After beating the Suns in game six for their third straight title, an exhausted Jordan is shown wrapping up an interview. He’s sitting on a little stool in a little room, wearing the championship t-shirt and hat, and he takes a deep sigh, and says wearily, "Do I have to do anything else? Can I just sit here for a few minutes?"
He just wanted to sit alone in a little room for a few minutes, just a few more minutes after winning the title. He was worn out, worn down, and ready for a break. His father’s murder later that summer would lump yet another heap on things. That’s the part that makes the secret suspension theory completely disgusting.
But in this moment, before all that, he just wanted a little quiet.
And then somebody says, "You wanna call your wife?"and hands him a phone.
[Narrator: Michael did not want to call his wife.]
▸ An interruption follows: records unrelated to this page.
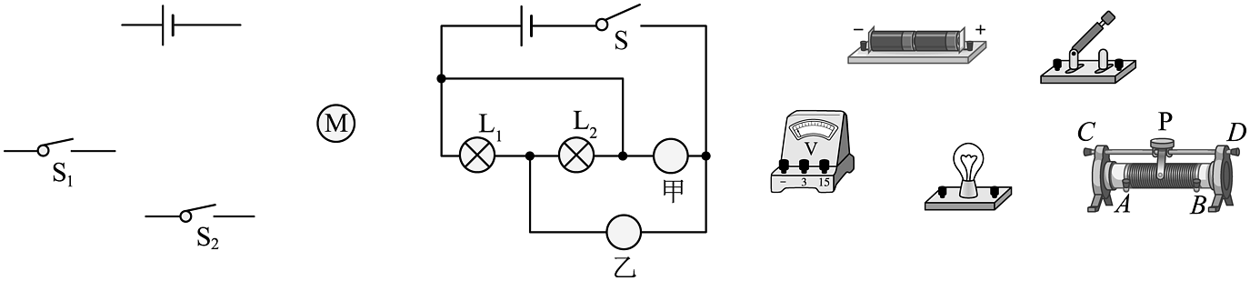 3、作图题:(1)、小伊家买了一辆国产纯电动轿车,其中一个智能设置是车门(车门相当于开关),车的前门和后门中任意一个门没有关好(关好即开关闭合),车辆的驱动电动机M都无法工作行驶。请你在下左图中将这种控制电路图画完整。(2)、如图所示,在○内填入电流表或电压表,闭合开关后,两灯泡都能发光。(3)、用笔画线代替导线,将上右图中元件连接成实物图,要求向左移动滑片,灯泡变亮,电压表测量灯泡两端电压。
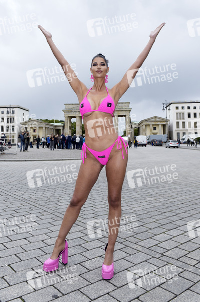 Micaela Schäfer beim Fototermin zur Erotikmesse Venus Berlin 2025 am Brandenburger Tor. Berlin, 15.09.2025
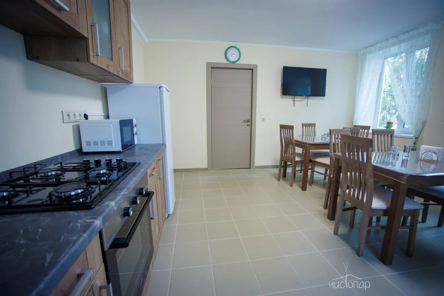 Комфортабельная гостиница или отдельный Дом (Коттедж) с террасой. Улучшенные номера оборудованы собственными туалетными комнатами. На двух этажах гостиницы имеются полноценные кухни, оборудованные всей необходимой техникой. А также есть уютные летние домики для проживания.
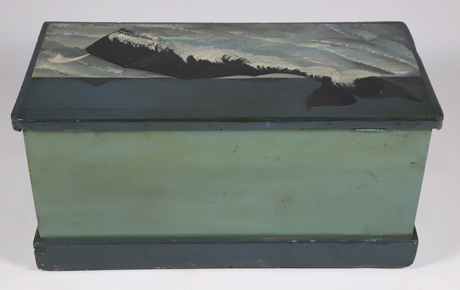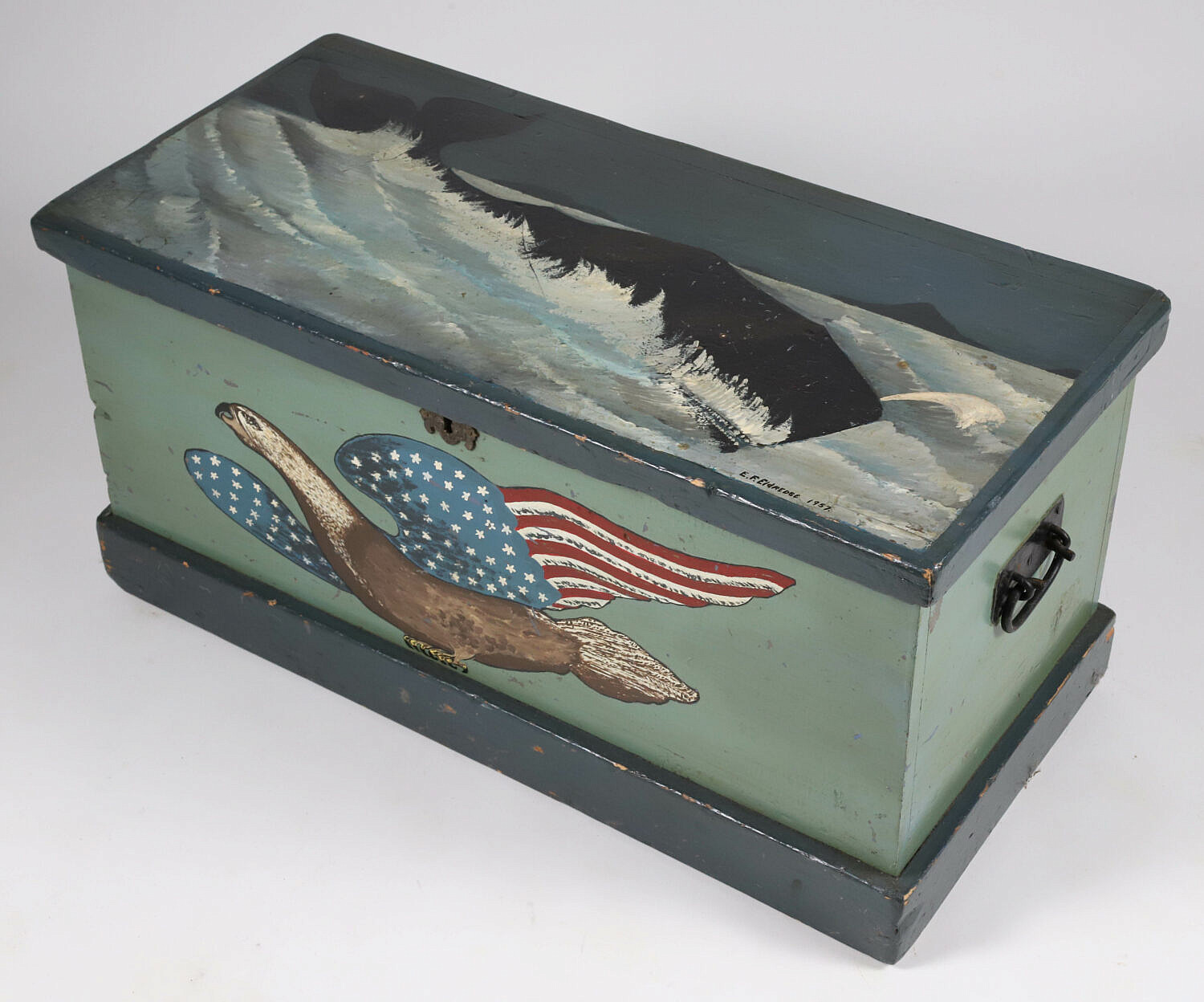 E. F. Eldredge Painted Whale and Eagle Storage Box, circa 1957 Consign Now DeptDecorative Arts, FurnitureSizeHeight 14 in. Width 28.5 in. Depth 14 in. E. F. Eldredge Painted Whale and Eagle Storage Box, circa 1957, signed and dated E.F. Eldredge, 1957 Height 14 in. Width 28.5 in. Depth 14 in. Provenance: The Estate of Joly Walton Stewart, Shimmo Pond Road, Nantucket Island, Massachusetts Please note that this auction has ended. Click here for an overview of this auction.
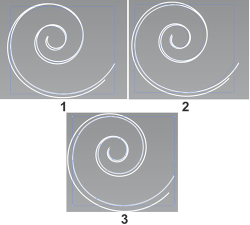 7.    Tomamos la herramienta flecha negra y reducimos la figura desde arriba como lo muestra la figura 1, luego lo cerramos de los lados como lo muestra la figura 2 y deberá quedar como la figura 3.
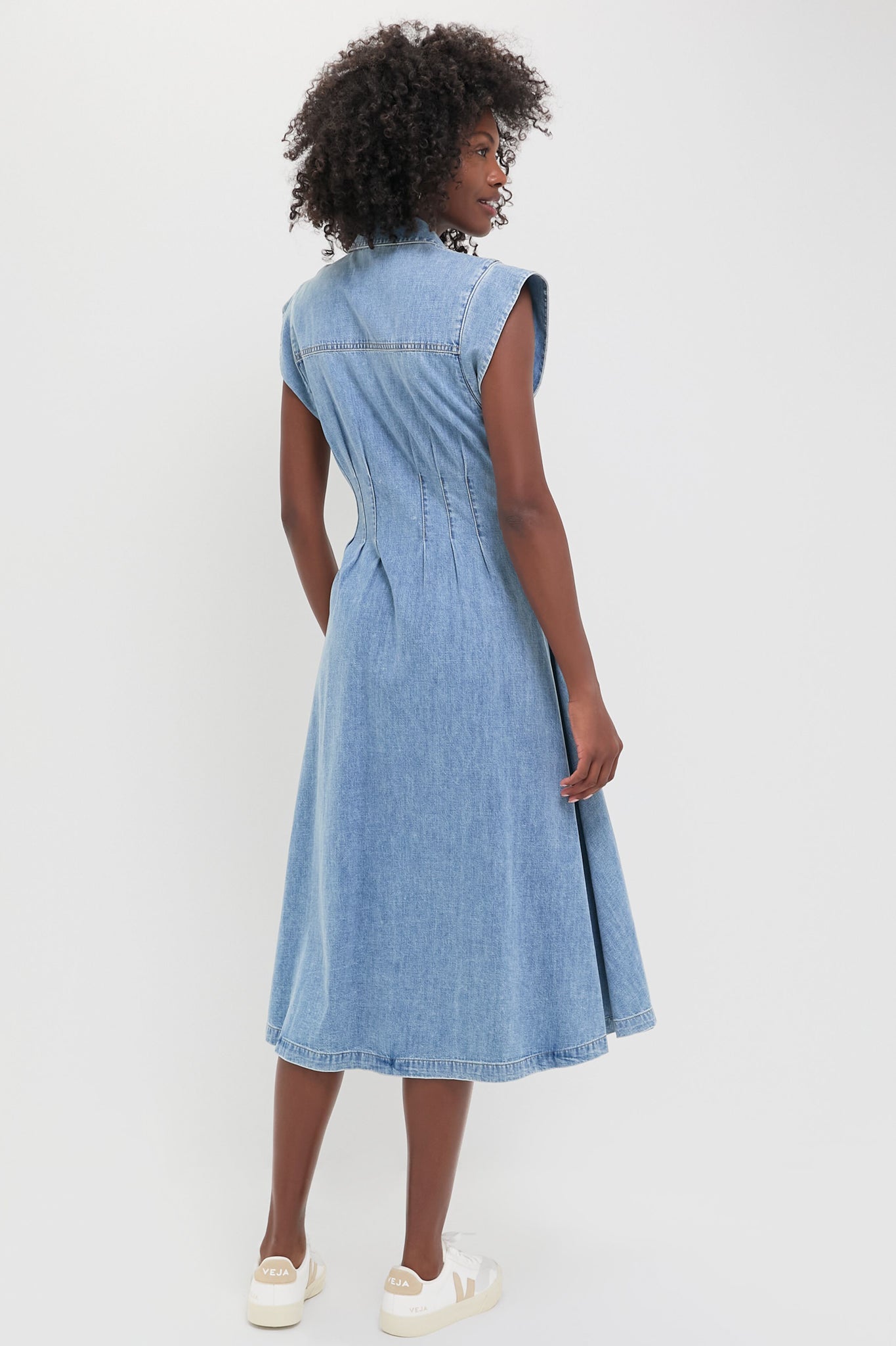 Made from pure cotton denim. the Pebel Stone Ruben Dress is a midi style defined by a relaxed fit and darting that cinches in the waist. Finished with cap sleeves and a collared V-neck. pair it with flat sandals for getaways and everyday.

The episode ends on a rainy afternoon with MJ driving the NBC Sports sideline reporter to game one of the first round of the NBA Playoffs (as one does). He and Ahmad Rashad are talking about the end of it all in just four more rounds.
"I don't think I'm gonna miss it."
Yeah, I really think you are. And so are we.
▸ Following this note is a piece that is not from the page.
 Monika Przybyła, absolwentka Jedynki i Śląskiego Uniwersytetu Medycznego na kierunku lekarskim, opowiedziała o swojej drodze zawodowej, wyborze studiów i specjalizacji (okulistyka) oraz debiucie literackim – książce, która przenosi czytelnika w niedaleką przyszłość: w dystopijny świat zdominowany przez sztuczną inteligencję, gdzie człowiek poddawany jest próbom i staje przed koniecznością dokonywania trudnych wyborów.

Meanwhile, over the weekend, the Bears chose not to exercise Mitch Trubisky’s fifth-year option. At first, it seems like an obvious decision. It’s $24 million. Nobody would pay Mitch $24 million to do anything, especially play quarterback. But, it’s not guaranteed. You can exercise it and still release him if you need to, and owe him nothing. Hell, the Bears just did it this offseason to Leonard Floyd. The only risk is that Mitch would get hurt and fail his physical next season and you’d have to pay him. That’s not a really big risk.
So here are the Bears, four years after trading up to pick Mitch second overall, admitting that he’s so terrible that they have a greater fear that he’d get hurt and they’d have to pay him, than they are confident that he can actually play well.
They picked him second, ahead of the current best player in the league and another really good young quarterback and now they have to admit he can’t do anything that would make him good enough to pay the equivalent of the transition tag.
The only real news here is that the failure is now nearly complete.
But hey, at least they have nine tight ends.